Northeastern Section (45th Annual) and Southeastern Section (59th Annual) Joint Meeting (13-16 March 2010)

Paper No. 5
Presentation Time: 2:55 PM

ANCIENT RIFTS, INTRAPLATE EARTHQUAKES AND GROUNDWATER FLOW IN THE ROANOKE VALLEY OF SW VIRGINIA


HENIKA, William S. and CHAPMAN, Martin, Geosciences, Virginia Tech, 4044 Derring Hall, Blacksburg, VA 24061-0420, bhenika@vt.edu

A magnitude 2.6 earthquake was strongly felt across the southwestern portion of Roanoke County on May 16, 2009. The Virginia Tech Seismic Database revealed two additional (M 1.6 to 3.1) seismic events that had occurred in the area since 2000, all of which are located in the vicinity of the Mowes Springs Fault.
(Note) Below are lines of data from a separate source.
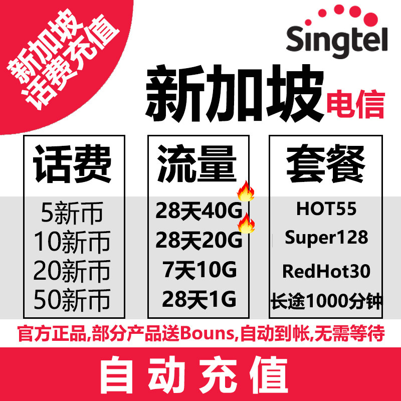 话费充值:可用于买流量,打电话,红利BOUNS只能用于打电话不能订流量 流量充值: 直接充值到帐,拔*100#回复1查流量 产品为自动充值,境外号码请填写新加坡号码,系统会自动识别65区号空格 充值前请务必关闭移动数据,因数据未关闭导致余额被扣光事件容易发生 去领券购买 ->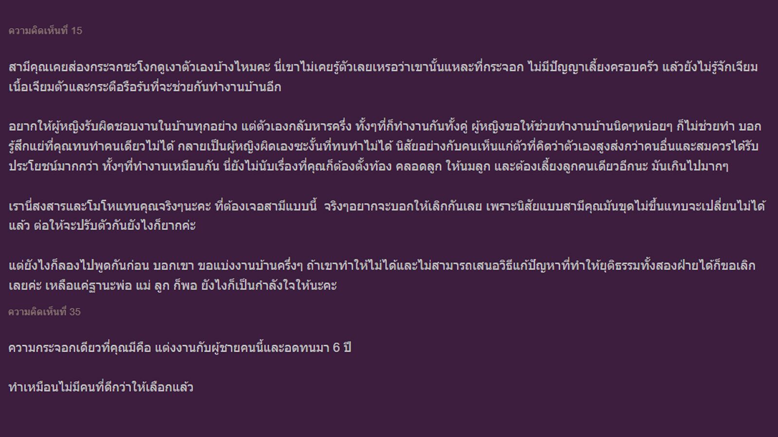 ด้านความคิดเห็นชาวเน็ตนั้น ต่างรุมวิจารณ์สามีที่เอาเปรียบภรรยา โดยมองว่าค่าใช้จ่ายทุกอย่างสามารถหารสอง แล้วทำไมงานบ้านถึงไม่หาร หรือช่วยกันทำบ้าง นอกจากนี้เจ้าของกระทู้และสามีต่างมีงานประจำด้วยกันทั้งคู่ เท่ากับภาระงานเท่า ๆ กัน แล้วเหตุใดภรรยาถึงต้องเหนื่อยฝ่ายเดียว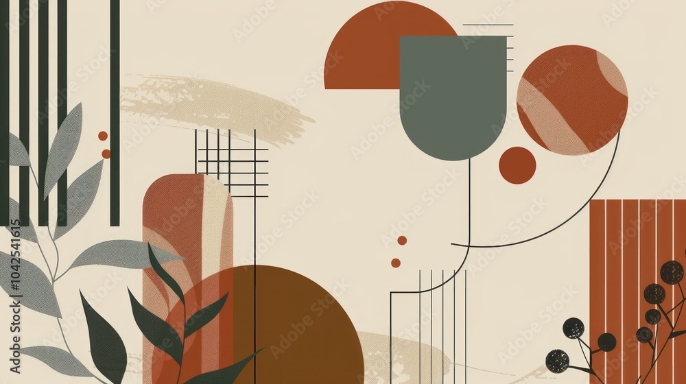 Abstract Geometric Patterns with Leaves and Bold Colors Design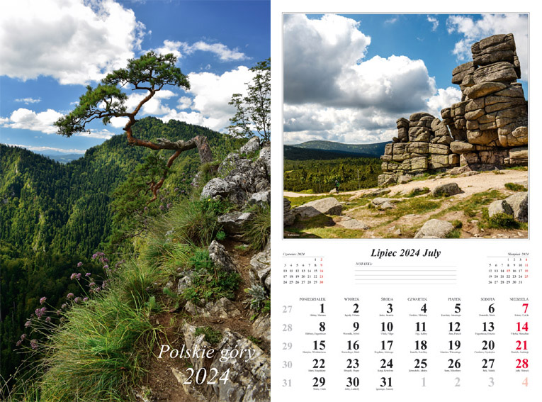 Kalendarz 2024 Ścienny wieloplanszowy Polskie góry

The MSF separates Precambrian Basement and Cambrian rift rocks on the SW (Blue Ridge Plateau) side of the valley from mildly metamorphosed Paleozoic platform rocks on the NE (Roanoke Valley side). The MSF has a steep NE dip and appears to have offset the basal Blue Ridge thrust by 5 miles across the basin, forming a prominent scarp along the SW side of the Roanoke Valley. Earthquakes along the MSF were calculated to have epicenters approximately 7 km below the valley floor near the base of proposed Alleghanian detachment. A NE-SW directed cross section using calculated earthquake movement solutions shows that periodic slip is in a reverse sense, uplifting Cambrian carbonates on the hanging wall over Precambrian rocks in the foot wall in agreement with slickensides and offsets measured in saprolite and bedrock along the MSF. This also is in agreement with the regional SW directed compressional stress field in the area. The MSF was initiated as detached Paleozoic rocks in the Pulaski sheet were transported across a displaced subthrust ramp (Harris 1970). NW directed subthrust offset described by Thomas as a relic of Neoproterozic transform faulting also localized Mesozoic dikes and transverse fracture zones along the MSF. New geologic surveys at the end of the 20th century recognized these fractures as aquifer zones and the Mowes Springs along the NW end of the MSF were replaced by a series of large diameter, high production wells drilled along the MSF for the City of Salem. Modern groundwater flux along these ancient fractures is suspected to have aided slip along the fault by reducing the angle of internal friction with respect to the operative stress field.